Face à cette montée en puissance des journaux gratuits, la presse traditionnelle a réagi diversement. Pour rester à Lyon, un quotidien historique comme Le progrès a dû se restructurer et, face à l’érosion de ses lecteurs, tente de concurrencer la presse gratuite sur son propre terrain en créant sans grand succès Lyon plus. Mais la situation est telle que le groupe, qui a déjà dû se débarrasser du magazine Lyon capitale, enchaîne les plans de licenciement et envisage même de se revendre à des groupes étrangers. On dit même que seule une intervention de l’Elysée a pu empêcher sa vente à un fonds d’ investissement avant les élections présidentielles de 2007.
Au Chili, la Copesa, une entreprise liée à la droite conservatrice, qui monopolise la quasi-totalité de la diffusion, a aussi essayé de contrer l’arrivée des gratuits comme Métro et La Hora par la création de titres concurrentiels. Des journaux historiques régionaux comme El mercurio de Valparaiso ne doivent leur salut qu’à la survente d’abonnements de complaisance dans les administrations et au quasi-monopole de la publicité et des annonces légales que le gouvernement fait passer dans ce journal, au grand dam des rares journalistes indépendants, comme Raoul Guttierez, de Granvalparaiso.cl.
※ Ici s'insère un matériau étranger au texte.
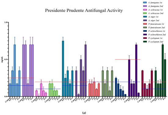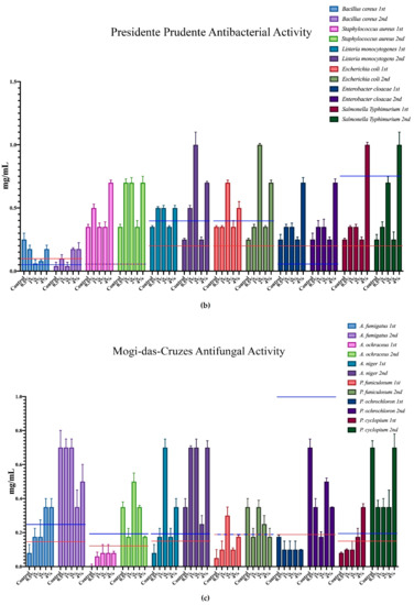 The minimum inhibition concentration (MIC) for the antimicrobial activity of the different mushrooms is represented in Figure 3, where each microorganism corresponds to a colour, and all of the different supplementation results are expressed within that same colour. Furthermore, the minimum inhibition concentrations of the positive controls are represented in each case through the red and blue horizontal lines.

Le développement des journaux en ligne
Reste la sortie par le haut, qui pouvait paraître jusqu’ici plus économique et plus écologique (par l’économie de papier et d’encre...). Il s’ agit du développement des journaux en ligne. Mais là encore, les groupes financiers veillent, et on peut s’attendre à ce que l’évolution des technologies et le renchérissement des logiciels et des droits de propriété intellectuelle (sur les photos ou la musique, par exemple) empêche le développement d’une presse libre et diversifiée, et favorise les rachats et regroupements. Il existe tout de même des initiatives indépendantes, comme Elmostrador.cl ou Granvalparaiso, déjà cité, au Chili, ou encore Lyonpeople.com ou Lyonmag.com, pour revenir à Lyon. Mais, même si Lyonmag peut compter sur l’appui du multimillionnaire "anarchiste" Thierry Hermann (le créateur de la maison du chaos), ce genre d’initiative hors circuit a peu de chances de prospérer, et sera vite contrée par les éléphants ultrafinancés par la publicité que sont par exemple Latercera.cl (groupe Copesa) au Chili, ou parismatch.com (groupe Hachette).
Ceux qui pensent que le citoyen moyen sortira gagnant de cette débauche de médias se trompent lourdement, car loin de favoriser la diversité d’opinion, le recours aux mêmes agences de presse favorise les regroupements, et à terme la disparition d’un métier autrefois tant vanté et aujourd’hui tant décrié, celui de journaliste.